First-principles design of the spinel iridate Ir2O4 for high-temperature quantum spin ice

TL;DR

This paper proposes a first-principles design of Ir2O4, a spinel iridate, as a high-temperature quantum spin ice candidate, potentially enabling magnetic quantum coherence at much higher temperatures than traditional rare-earth pyrochlores.

Contribution

It introduces Ir2O4 as a novel high-temperature quantum spin ice material, demonstrating how substrate control can tune magnetic interactions for elevated quantum coherence temperatures.

Findings

Ir2O4 exhibits spin-ice-rule interactions of tens of meV.

Substrate engineering can tune magnetic interactions in Ir2O4.

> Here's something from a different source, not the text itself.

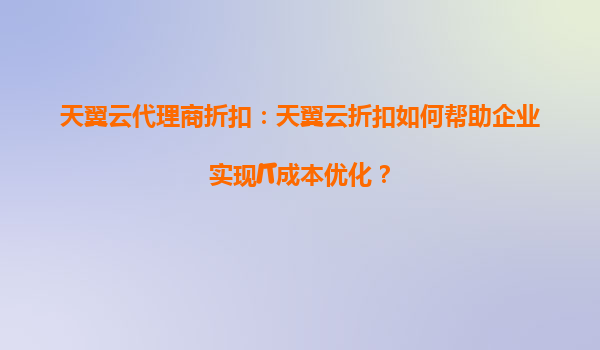 天翼云代理商折扣:天翼云折扣如何幫助企業(yè)實(shí)現(xiàn)IT成本優(yōu)化?

High-temperature quantum spin ice behavior is theoretically achievable.

Abstract

Insulating magnetic rare-earth pyrochlores related to spin ice host emergent bosonic monopolar spinons, which obey a magnetic analogue of quantum electrodynamics and may open a route to a magnetic analogue of electronics. However, the energy scales of the interactions among rare-earth moments are so low as 1 K that the possible quantum coherence can only be achieved at a sub-Kelvin. Here, we desgin high-temperature quantum spin ice materials from first principles. It is shown that the A-site deintercalated spinel iridate Ir2O4, which has been experimentally grown as epitaxial thin films, is a promising candidate for quantum spin ice with a spin-ice-rule interaction of a few tens of meV. Controlling electronic structures of Ir2O4 through substrates, it is possible to tune magnetic interactions so that a magnetic Coulomb liquid persists at high temperatures.